Assignment 2: Exploratory Question Report

Assignment 2: Exploratory Question Report#

The second project assignment is to answer the Exploratory Questions laid out in your initial proposal. The report should be written to an imaginary but specified stakeholder (please state at the top of the report who you imagine your stakeholder to be).

It should answer at least three Exploratory Questions. Of the three Exploratory Questions you seek to answer, at least one must be answered through your own analysis (i.e., you must load data into Python/R and generate your answers). You may answer up to two by citing reputable sources (if someone else has already found the answer, why re-invent the wheel?!).

The report should be written according to the principles in this document (which will be familiar to those of you who took Practical Data Science).

Please start your document with a quick note on who you imagine as your stakeholder (a CEO, a public policy expert, etc.).

Finding Data#

To help you along your way, here’s a compilation of a huge number of public data sources. It’s far from exhaustive, but a good place to browse if you’re unsure how to answer one of your questions.

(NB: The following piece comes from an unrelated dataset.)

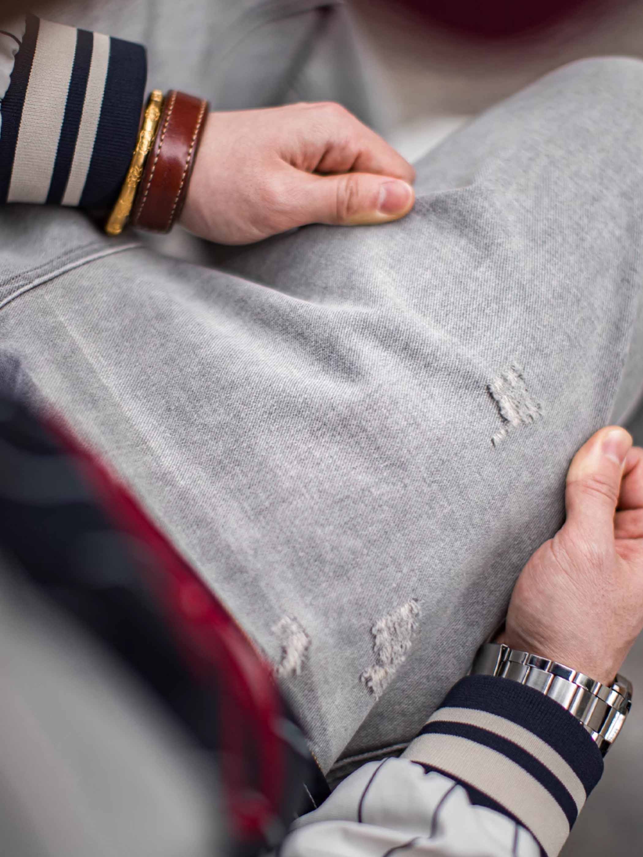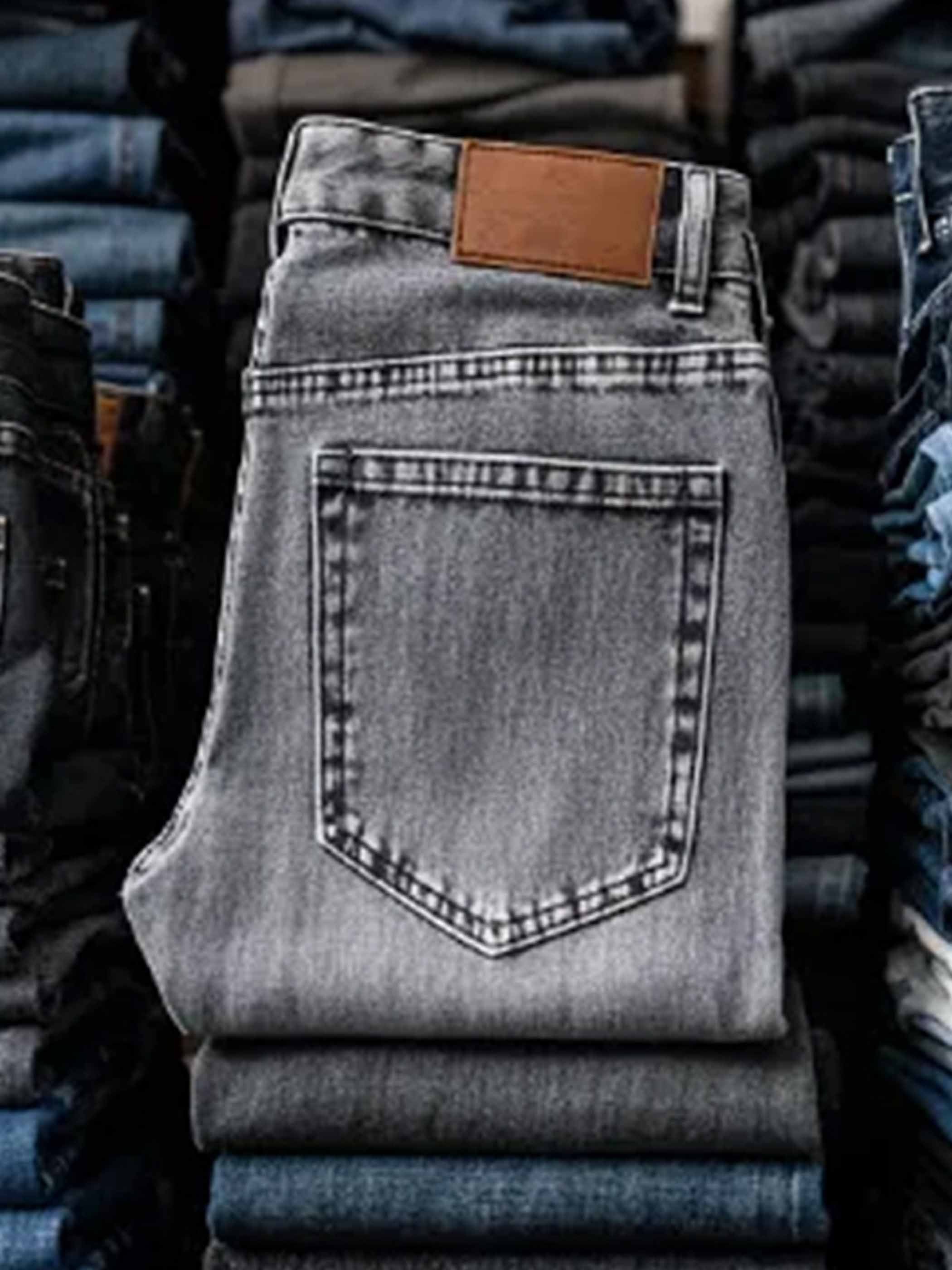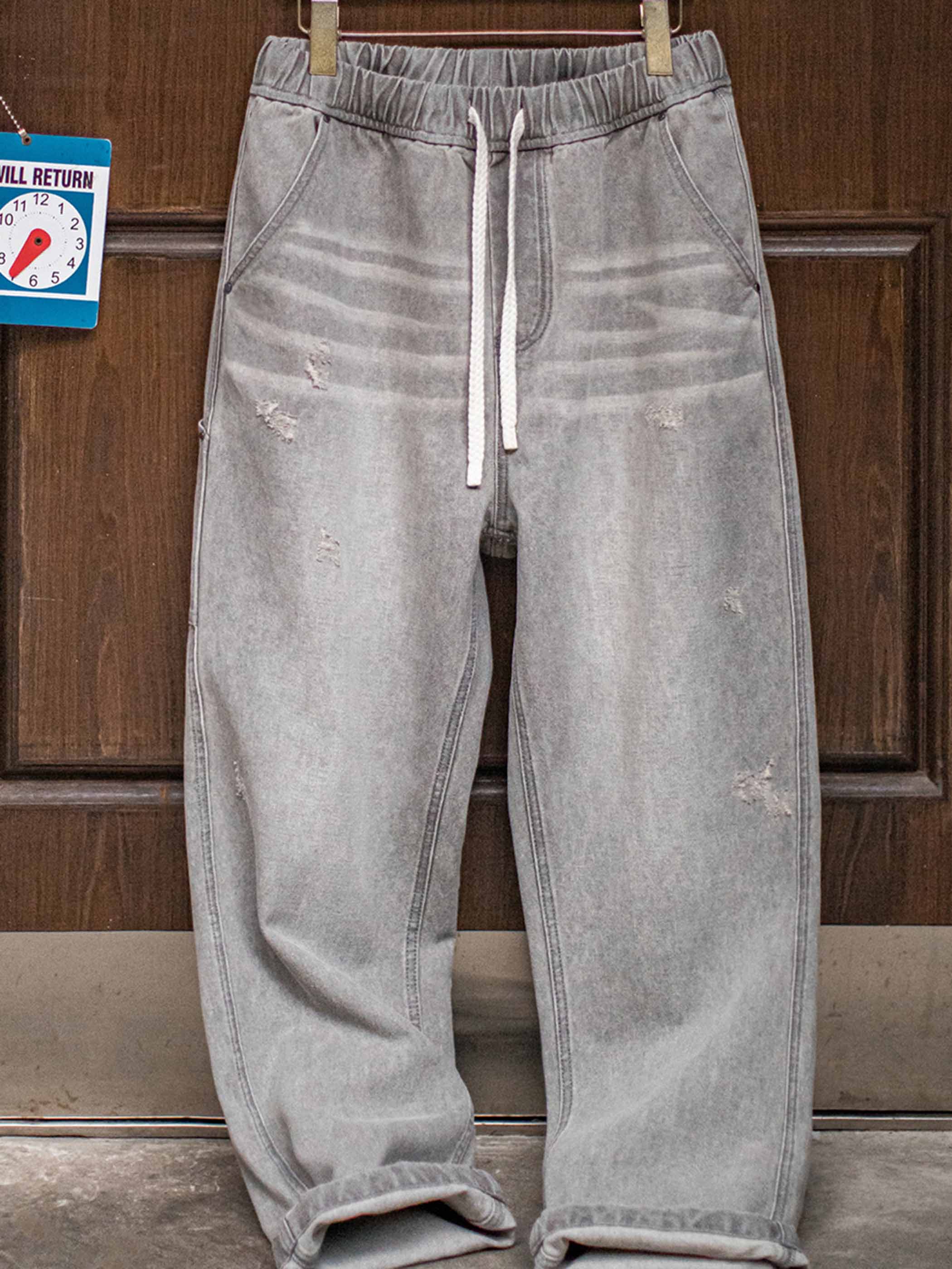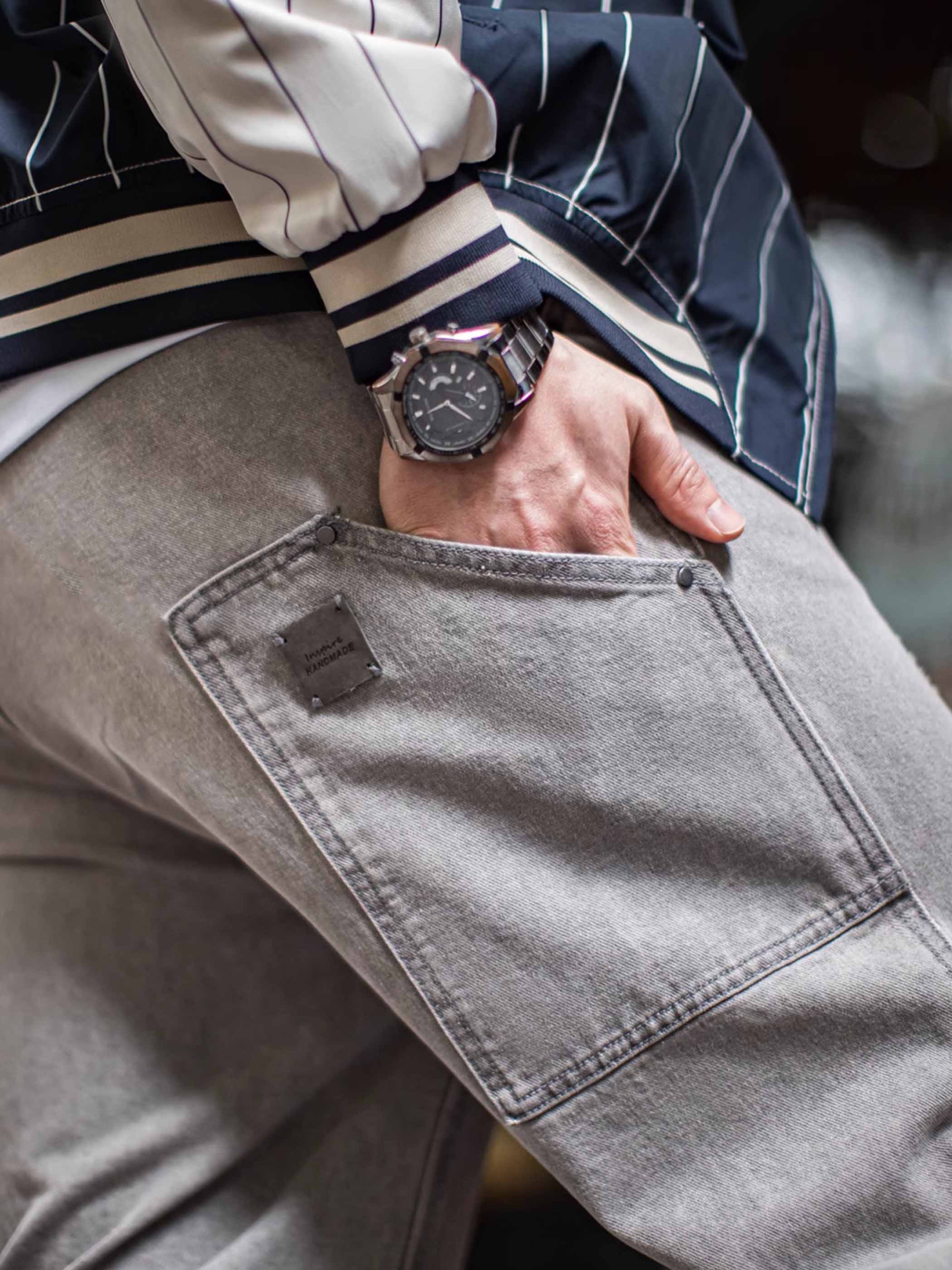 1990年代ニューヨークのアンダーグラウンドカルチャーから着想を得た、ストリート感覚を昇華した直筒デニム。従来の青・黒を超える スモーキーグレー を基調に、職人による多重加工(破れ・猫ひげ・エッジ摩耗)で「10年愛用したような味わい」を再現。393g/㎡の厚手生地が崩れないシルエットを保ちながら、ロールアップ着用でも洗練された粗さを表現します。

Still stuck? Let me know and we can brainstorm together.

Length#

I’m relatively flexible on length — I imagine most will be in the three to six-page range, including appendices and figures and provide additional information.

Structure#

My philosophy on document structure is that the way a document is organized should always be purely instrumental — that is, you should always organize your document in the way that best serves the goals of the document. As the goal of this report is to communicate what you have learned by answering your Exploratory Questions to your stakeholder, the way you organize your report should reflect that goal (again, review the Writing to Stakeholders reading for guidance on how best to accomplish that goal).

That means that your report will probably not have a structure that mirrors the “state a problem and three questions you plan to answer” structure of the last assignment you completed. That structure was chosen to help you organize your thoughts at the problem and question generation stage. But you’ve now answered those questions and (presumably!) learned a lot in the process, and given your goal has changed and what you know has changed, so too should the structure of your report.

Writing a Coherent Report#

A final suggestion: there are some tasks in data science and in life that can be easily parallelized, and others than cannot. Writing a good, coherent report, in my experience, is very hard to do in a fully parallelized manner.

The “problem and three questions” structure that you used for the last assignment naturally lends itself to a divide-and-conquer approach in which different people answer and write up different questions. And for the first draft of your report, that’s a reasonable strategy. But that approach also tends to create a very fragmented report without a clear message.

With that in mind, I would recommend that after pulling together a first draft of the various answers your team has collected, get together and discuss what you think is the take-away you want to communicate to your stakeholder. Then, with that in hand, move to a serial workflow in which one person takes a crack at editing the entire report. This person should feel unafraid to cut or move things around. Then let someone else read it and make edits. But since the report will be read from start to finish by one person, it makes a lot of sense that it be written (or at least edited) from start to finish by one person at a time.

Due Date#

Your Exploratory Question Report is due February 13th.